Last month, the ABA’s Standing Committee on Ethics & Professional Responsibility issued Formal Opinion 484. The opinion outlines a lawyer’s duties to clients who use finance companies to finance the lawyer’s legal fees.
The ABA Journal blogged on the opinion. The post includes the following quote:
- “By some estimates, more than 75 percent of low-income and middle-income individuals have legal needs that go unmet for financial reasons,” said Barbara S. Gillers, chair of the ABA Standing Committee on Ethics and Professional Responsibility. “Formal Opinion 484 is important because it addresses a way to increase access to legal services for those persons who may wish to or need to finance legal fees in order to retain counsel.”
I’ll summarize the opinion in a separate post. And, I find it a bit incongrous to discuss access to legal services in the context of the ethics of referring low-income people to loan companies. For now, however, I want to make clear my view that increasing access to legal services is a professional responsibility.
The fact that such a staggering number of people can’t afford lawyers should not surprise anyone. We’ve known about it for years.
In September 2015, the Vermont Commission on the Future of Legal Services issued a report and recommendations. I chaired the Commission’s subcommittee on the Future of Legal Education. Our section of the report included a recommendation to license paralegals as part of the effort to increase access. We noted:
“Vermont has an access to justice problem. The issue is better described as Vermont has an ‘access to legal services problem.’ The problem is not new.
In 2012, the Honorable Amy Davenport analyzed the number of self-represented litigants in cases in the Civil Division of the Vermont Superior Court. The numbers were staggering.Defendants in small claims cases represented themselves 94% of the time. In the Family Division, 84% of active parentage cases and 54% of active divorces involved at least one self-represented litigant. Ninety percent of the defendants in landlord-tenant cases were self-represented compared to only 24% of the plaintiffs. Defendants in collections and foreclosure cases fared marginally “better,” respectively left to represent themselves 84% and 74% of the time. This “improvement” was offset, if not rendered irrelevant, by the fact that 99% of foreclosure plaintiffs and 98% of collections plaintiffs had lawyers.

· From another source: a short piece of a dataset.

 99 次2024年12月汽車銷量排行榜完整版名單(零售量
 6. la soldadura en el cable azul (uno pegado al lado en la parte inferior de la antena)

These numbers reflect a court system that would be unrecognizable to lawyers who practiced a generation or two ago. In 2012, small claims, collections, landlord-tenant, divorce, and parentage cases accounted for 72% of Vermont’s civil docket. The vast majority of ordinary Vermonters navigating a civil dispute are doing so without any help from a lawyer.”

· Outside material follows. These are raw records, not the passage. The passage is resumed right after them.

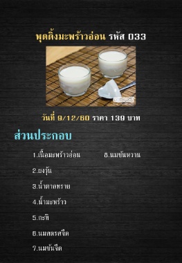 พุดดิ้งมะพร้าวอ่อน รหัส 033 วันที่ 9/12/60 ราคา 139 บาท ส่วนประกอบ 1.เนื้อมะพร้าวอ่อน 8.นมข้นหวาน 2.ผงวุ้น 3.น ้าตาลทราย 4.น ้ามะพร้าว 5.กะทิ 6.นมสดรสจืด 7.นมข้นจืด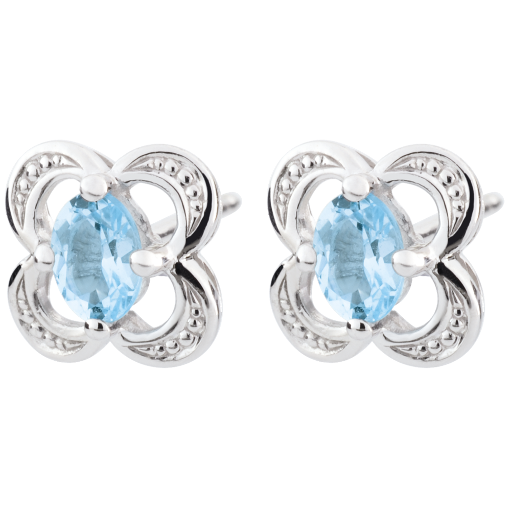 Orecchini Mini Flora - Oro bianco - 9 carati - 2 Topazi - 0.42 carati
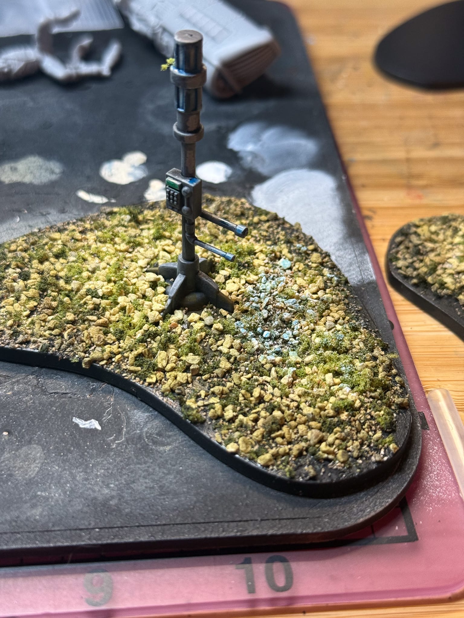 For some terrain elements, I took some of the included All Game Terrain bases and attached some Legion beacons that I figured could serve as objective markers. I then repeated my process, but went in layers. This allowed me to build up material on the bases, and with a few washes, I was able to produce some attractive pieces in 20 minutes.

(I included the excerpt, but deleted the footnotes. To review them, see page 19 of the report.)
I’ve often written & spoken on issues related to access to legal services. Two common questions:
- Mike, what’s this got to do with ethics?
- Mike, I’m all for increasing access, but the rules seem to make it difficult.
- I disagree.
The Vermont Rules of Professional Conduct are here. Let me share some excerpts from the preamble
- “As a public citizen, lawyer should seek improvement of the law, access to the legal system, the administration of justice, and the quality of legal services rendered by the legal profession.” Preamble, .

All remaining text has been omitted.